The titles of Clark’s videos take a harmless just-asking-questions tone that invites people to click and see for themselves. Yet far from providing options for women, Clark allows her guests to peddle scientifically dubious claims in service of a sweeping Christian conservative worldview. An episode called To Vax or Not to Vax: Educating Parents on the Options features an interview with the outspoken anti-vaccine doctor Bob Sears, who has been disciplined by California’s state medical board for wrongly exempting a two-year-old patient from vaccinations. It also doesn’t take long for Aaron Kheriaty, the Catholic thinktank fellow interviewed on Is IVF a Huge Ethical Mistake, to tell listeners that there is no such thing as an ethical way to perform IVF. (“While it may be uncomfortable or inconvenient to hear the things that you’ve said today in this interview, the facts are on your side,” agreed Clark, nodding solemnly.)

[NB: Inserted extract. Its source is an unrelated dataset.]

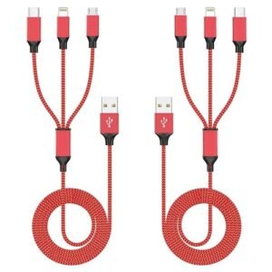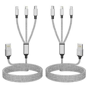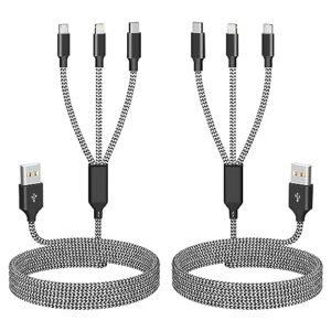Multi USB Charging Cable 3A, 3 in 1 Fast Charger Cord Connector with Dual Phone/Type C/Micro USB Port Adapter, Compatible with Tablets Phone 12 11 Pro 8 7 6 Samsung Galaxy (4FT/2Pack Charging Only)

Clark’s crusades against topics such as birth control – that it “accelerates ageing”, “induces abortion”, causes cancer and fertility issues – make more sense in light of the Trump administration’s pro-natalist policy agenda, which organizations like Turning Point USA and Project 2025 have spent years crafting.

“It’s all tied together with the goal of shaming women who have sex and who might get pregnant, and ensuring that they really are forced into the idea of this nuclear family because it preserves current power structures,” said Dr Jennifer Lincoln, an OB-GYN in Portland, Oregon. “They come at it from this Maha angle of ‘we have to protect women,’ and then they legislate away people’s choices to use these medicines that are literally life-saving for so many people.”

They are feeling pretty good about how far they’ve come. In a recent interview with Lara Trump on her Fox News show, Cooper said that it was “incredibly cool” for young people to be conservative now. As she put it: “I think Democrats have their work cut out for them.”